Timeline

November 2016

QUNO hosted consultation on the role of governments in supporting small-scale farmers and and agricultural biodiversity

QUNO hosted an expert consultation on the role of governments in supporting small-scale farmers and agricultural biodiversity on November 6-8. In this excerpt from the latest Geneva Reporter newsletter, our Food & Sustainability Representative Susan Bragdon discusses the event.

 

Can you tell our readers about your upcoming event? Who will be participating? 

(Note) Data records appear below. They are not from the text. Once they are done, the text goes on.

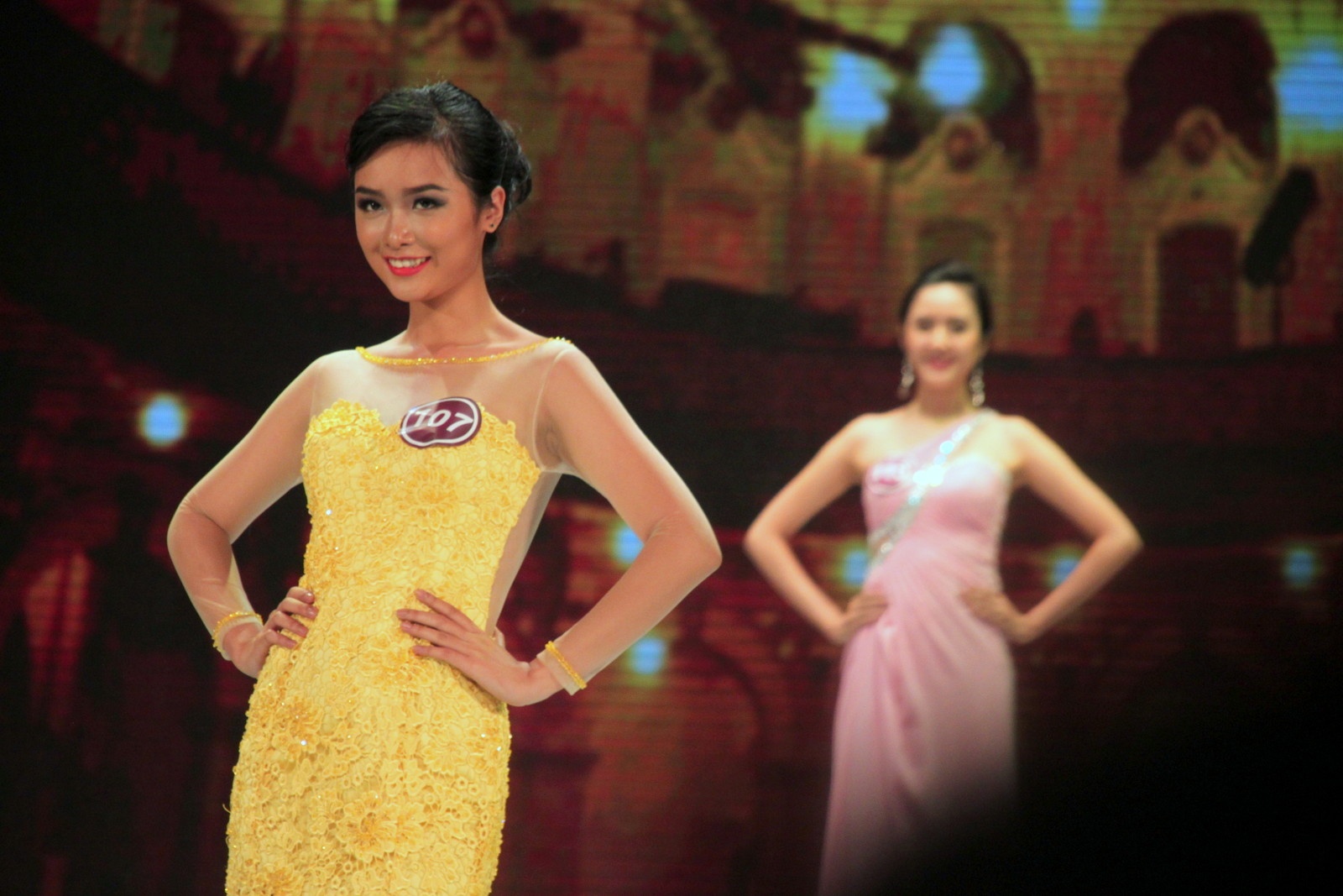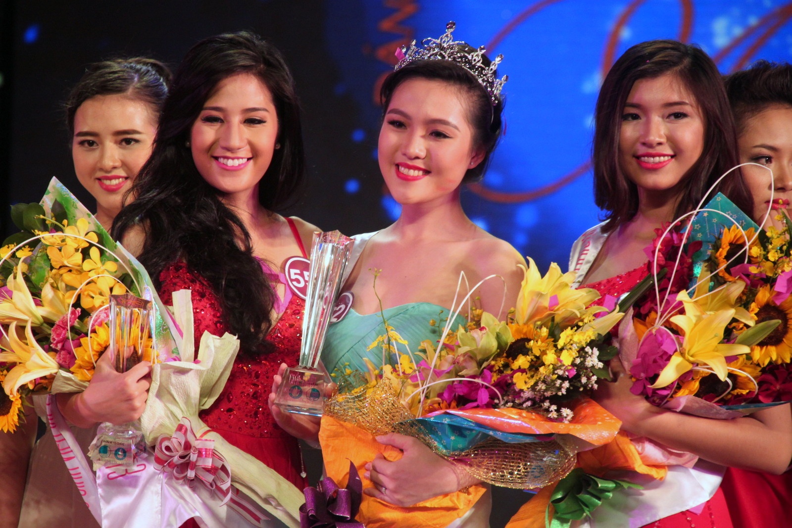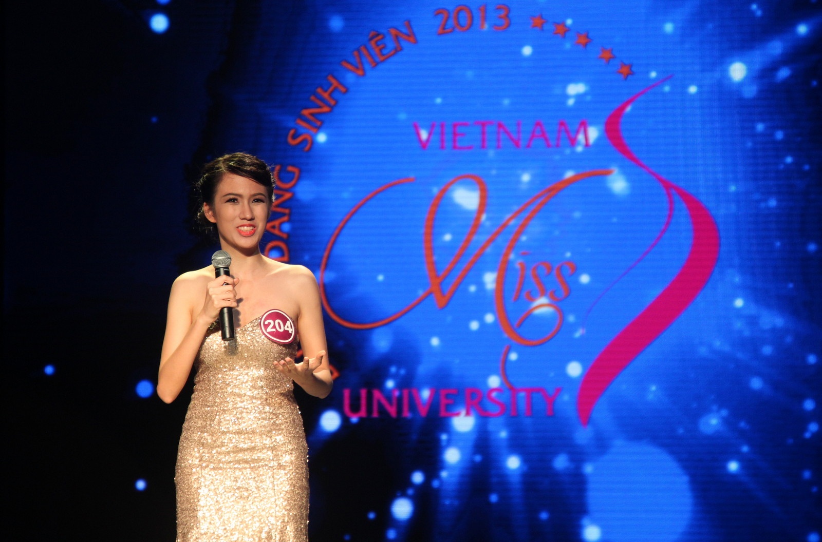 Cô gái trường ĐH Kinh tế - Luật, Trần Diễm Ái Vi đã vượt qua 46 thí sinh khác để đoạt vương miện cuộc thi Nữ sinh viên Việt Nam duyên dáng 2013.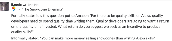 In fact, this problem is so often discussed that there’s an inside joke in an active Slack community for Alexa developers that involves the posting of a snow cone emoji. The joke is that it’s easier to make more money selling snow cones than building Alexa skills. The emoji is posted in response complaints, including, most recently, the change to Amazon’s Alexa Developer agreement.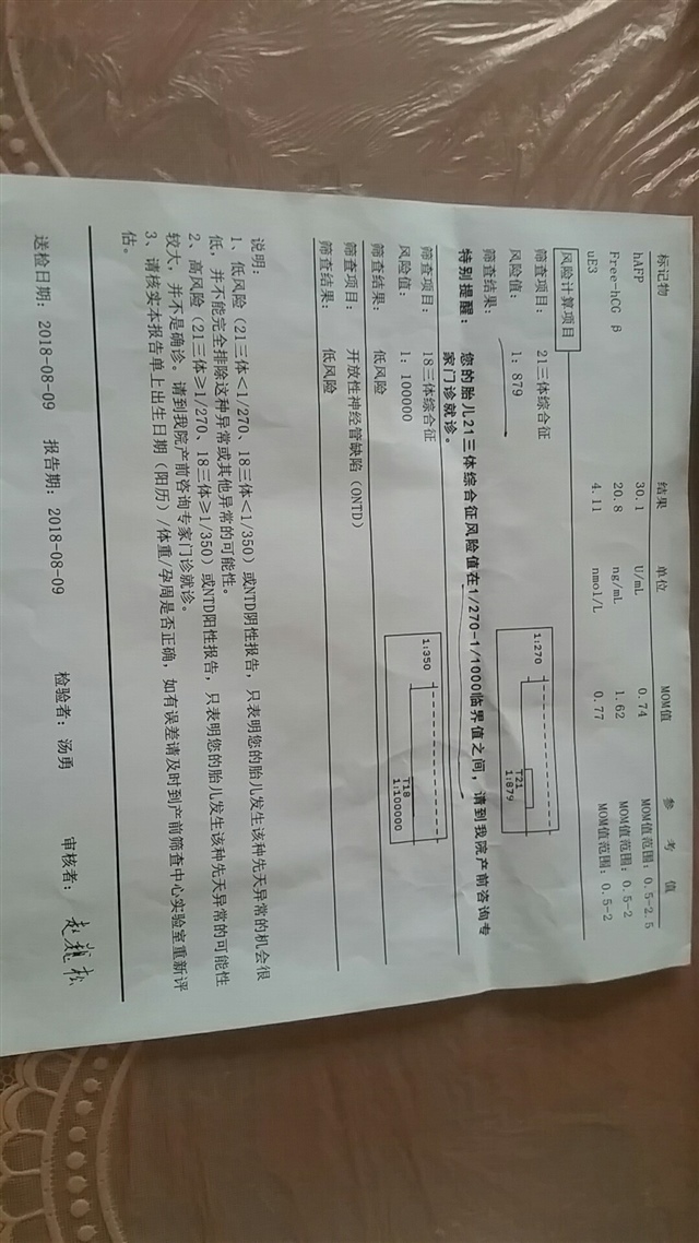 我的是1/309,临界风险,也就是说309分之一的概率是畸形,医生让做了无创,昨天刚做过,现在煎熬的等结果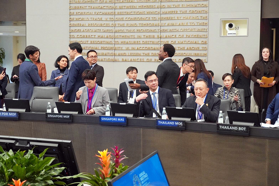 นายวรภัค ธันยาวงษ์ รัฐมนตรีช่วยว่าการกระทรวงการคลัง และนายวินิจ วิเศษสุวรรณภูมิ ผู้อำนวยการสำนักงานเศรษฐกิจการคลัง ร่วมการประชุม The Annual Roundtable of the IMF Managing Director and ASEAN Finance Ministers and Central Bank Governors โดยมีการหารือถึงแนวนโยบายเศรษฐกิจของประเทศสมาชิกอาเซียนและแลกเปลี่ยนความเห็นกับนาง Kristalina Georgiava กรรมการจัดการกองทุนการเงินระหว่างประเทศ (IMF) ในห้วงการประชุมประจำปีสภาผู้ว่าการธนาคารโลกและกองทุนการเงินระหว่างประเทศ ปี 2568 ณ กรุงวอชิงตัน ดี.ซี. สหรัฐอเมริกา เมื่อวันที่ 14 ตุลาคม 2568

We are bringing together small-scale farmer organizations, economists and experts in public administration—people who don’t commonly sit at the same table—to discuss the role of governments in supporting small-scale farmers, agricultural biological diversity and ensuring the long-term food security of their populations. We will have small-scale farmers from Bolivia, Cuba, Malaysia, Mongolia, Nepal, Peru, the Philippines, Senegal and Zimbabwe in attendance. We have an economist from India who has been exploring these issues around health and agriculture for a couple of decades. We will have experts in public administration, in food system policy and in public-private partnerships. This wonderful mix of disciplines and geographies should yield interesting insights and results. 

What are your expectations for the consultation? 

This consultation is an attempt to challenge the dominant narrative that orients us to markets. We’re going to develop a strategy for raising awareness among national and international policy makers of the importance of small-scale farmers and agricultural biodiversity, and develop tools for helping governments determine what their roles should be in ensuring food security. Of course, every country is different and food security strategies must be tailored accordingly. This consultation is just the start. We need to keep this conversation going—asking critical questions and bringing together different perspectives—with the long term objective of achieving more just and sustainable food systems. 

We thank all the participants for joining us in this event and are looking forward to moving these discussions along. Next step will be the release of an agreed upon statement on the actions we think government should take in support of small-scale farmers and agricultural biodiversity.